After recovering from surgery and reconstruction, I wanted to help other women who were recently diagnosed. I wanted to be their “someone” who’d gone through it. I became a Reach to Recovery volunteer for the American Cancer Society and went on to become the coordinator for the program in Nassau and Suffolk Counties on Long Island. When my surgeon asked me to start a similar program within his practice, I was happy to help out. With the help of two other volunteers, we created a nonprofit to provide information and peer support to his patients. When the organization hit its ten year mark and was running smoothly, I resigned to pursue my writing once again.

Q: If your favorite quote were put on a tee-shirt, what would it say and why does this quote resonate with you?

A: “It’s never too late to be what you might have been,” George Eliot.

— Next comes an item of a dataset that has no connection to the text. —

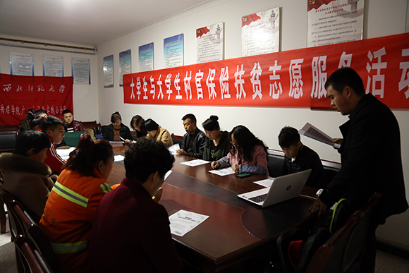 阳春三月,地处中国西北的甘肃省正值春寒料峭乍暖还寒时候。3月23日上午,在雪花絮絮飘扬的甘肃省兰州市安宁区安宁堡街道红艺社区,2017年大学生及大学生村官保险志愿扶贫活动正在如火如荼的进行中。就读于MG冰球突破官网网站(新闻学院)的8名大学生组成广角镜社会实践小分队,走进红艺社区,开展农险宣讲活动。

This quote reminds us that at any stage of life we have the ability to reach for goals. We only fail when we give up.

Q: What are you working on now?

A: I’m writing the fifth book in the Abracadabra cozy mystery series.

Q: Anything else you’d like to share?

A:  Although my husband and I watch our kids’ dogs when they’re at work, it’s time for us to have another dog of our own. We’re thinking we’d like a golden retriever mix and have applications in with a couple of rescue groups. We’re trying to be patient and wait for someone who’ll be the right match for us.